An imprint of Penguin Random House LLC

375 Hudson Street, New York, New York 10014

This book is an original publication of Penguin Random House LLC.

Copyright © 2016 by Bob Reiss.

Penguin supports copyright. Copyright fuels creativity, encourages diverse voices, promotes free speech, and creates a vibrant culture. Thank you for buying an authorized edition of this book and for complying with copyright laws by not reproducing, scanning, or distributing any part of it in any form without permission.

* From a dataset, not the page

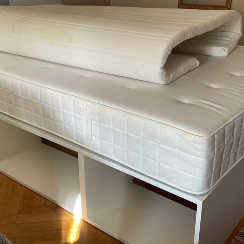 Bra skick men några fläckar som om man vill tvätta i maskin då alla madrasser har dragkedja
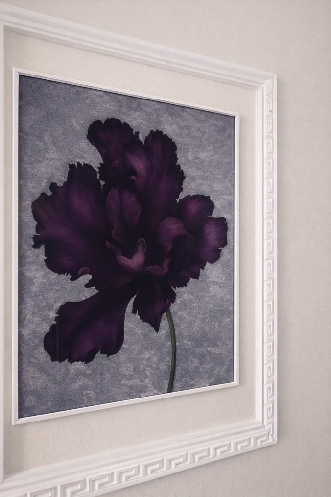 Koyu mor renkte bir çiçek ve yeşil sapın yer aldığı, dokulu gri arka plan üzerine yapılmış beyaz çerçeveli tablo. 2’li olarak satılmaktadır. Cam ve kenarları metal gümüş çerçeve

You are supporting writers and allowing Penguin to continue to publish books for every reader.

BERKLEY® and the “B” design are registered trademarks of Penguin Random House LLC.

For more information, visit
penguin.com
.

Library of Congress Cataloging-in-Publication Data

Names: Abel, James, author.

Title: Cold silence / James Abel.

Description: First edition. | New York : Berkley, 2016.

Identifiers: LCCN 2016004341 (print) | LCCN 2016011810 (ebook) | ISBN 9780425282977 (hardback) | ISBN 9780698407305 ()

Subjects: | BISAC: FICTION / Thrillers. | FICTION / War & Military. | FICTION / Technological. | GSAFD: Suspense fiction.

Classification: LCC PS3568.E517 C65 2016 (print) | LCC PS3568.E517 (ebook) | DDC 813/.54—dc23

LC record available at http://lccn.loc.gov/2016004341

FIRST EDITION:
July 2016

Cover design by Anthony Ramondo.

Cover art: Artwork by Studio Liddell for aareps.com;
Red fused liquid
© Svetara/Shutterstock;
Biohazard symbol
© Miguel Angel Salinas Salinas/Shutterstock.

Interior art:
Deserted area
© by Anastasia Koro/Shutterstock.

This is a work of fiction. Names, characters, places, and incidents either are the product of the author's imagination or are used fictitiously, and any resemblance to actual persons, living or dead, business establishments, events, or locales is entirely coincidental.

Version_1

PROLOGUE

I'll never get out of here alive, thought Tahir Khan.

He backed away from the peephole in the Boca Raton penthouse apartment, as the quiet knocking on the front door continued. Across the room, bright sun flooded in through floor-to-ceiling sliding glass doors that faced the blue Atlantic, dazzling and still, twenty-four stories below. In early January, seventy-degree air washed in from the balcony and he heard the ocean, vaguely, insistent as a hiss.

Khan looked around wildly, as if somehow, magically, an escape hatch would appear in the walls. But all was as it had been when he rented his hideaway. The place was costly but ugly and generic; hospital white walls and matching floor tiling, curving Naugahyde couch wrapped toward a giant TV. Bright lime green cushions topped wrought iron furniture. The same generic pastel beach paintings hung in a thousand rental condos from Key West up the East Coast, to New Jersey. Still life conch shells. Wind ruffling dune grass. Six-year-old children in bathing suits, wielding plastic pails.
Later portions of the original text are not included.